Configuring out of memory recovery

You can optionally specify the step size in memory increase to prevent out of memory (OOM) crashes to your pods. You can also specify an upper bound to memory increase, to prevent infinite scaling.

The Cloudera Flow Management - Kubernetes Operator can detect an Out of Memory event in a NiFi cluster and scale up the memory footprint when configured for Out of Memory Recovery. This feature is not preventative but responsive, the NiFi cluster must first run out of memory and fail a Readiness check before the recovery attempt will be made, potentially impacting Flow performance. OOM Recovery is intended to be a safe guard and is not a replacement for good cluster sizing. If OOM Recovery has triggered, it is recommended that you reevaluate your NiFi resource sizing.

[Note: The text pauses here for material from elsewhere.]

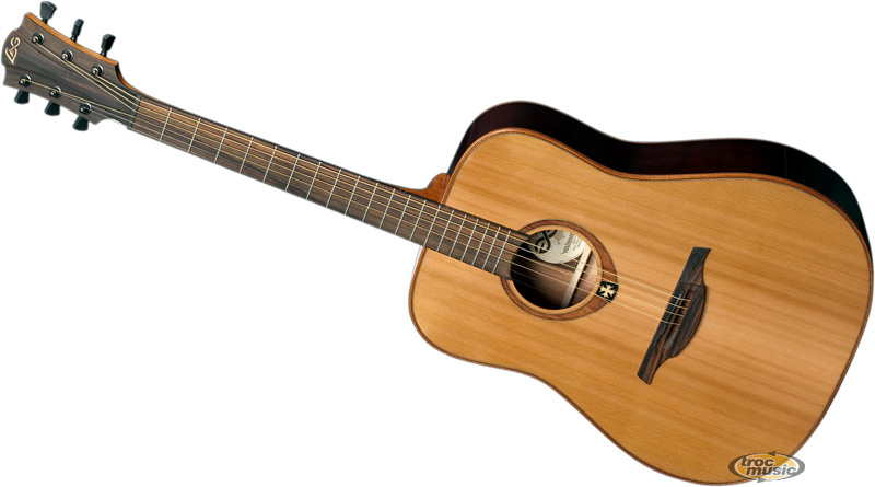 Table en cèdre rouge massif. Manche, dos et éclisses en acajou. Tête, touche et chevalet en palissandre d'Indonésie. Finition vernis brillant.

OOM Recovery has two fields to configure: stepSize and upperBound. stepSize defines the amount of memory that should be added for each OOM event. upperBound defines the maximum amount of memory to which the OOM Recovery process is allowed to grow.

spec:
  outOfMemoryRecovery:
    stepSize: [***DEFINES THE MEMORY INCREASE EVERY TIME PODS ARE OOMKILLED***]
    upperBound: [***SPECIFIES THE UPPER LIMIT OF MEMORY INCREASE FOR MEMORY PROTECTION***]

For example:

spec:
  outOfMemoryRecovery:
    stepSize: 1Gi
    upperBound: 8Gi
  resources:
    nifi:
      requests:
        cpu: "1"
        memory: 4Gi   

The above spec starts with NiFi containers at 4Gi and will grow by 1Gi for every OOM that occurs until the NiFi container memory reaches 8Gi. When only memory requests are provided, the NiFi container memory request will grow. If memory limits are provided, only the memory limit will grow.

Note: This can break Quality of Service for the Pod, in the future the requests and limits will grow proportionately.

Once the OOM Recovery has taken effect, it will never automatically scale down. Removal of the OOM Recovery growth will occur when a NiFi resource spec change is detected or when OOM Recovery is removed from the NiFi spec.

NiFi Resource Conditions

The following status field and condition have been added to track the OOM Recovery process:

status:
  conditions:
  - lastTransitionTime: "2025-04-15T16:16:15Z"
    message: NiFi has vertically scaled for OOM recovery
    observedGeneration: 2
    reason: OOMRecoveryScaleUp
    status: "False"
    type: VerticallyScaleUp
  outOfMemoryRecoveryGrowth: 500Mi

The field outOfmemoryRecoveryGrowth tracks how much the NiFi memory has already grown. The VerticallyScaleUp condition provides the last time the cluster scaled up as well as if the scaling action is complete or not. While the status of VerticallyScaleUp is “True”, the scaling is in progress. Once the scaling action is complete, the status is set to “False”.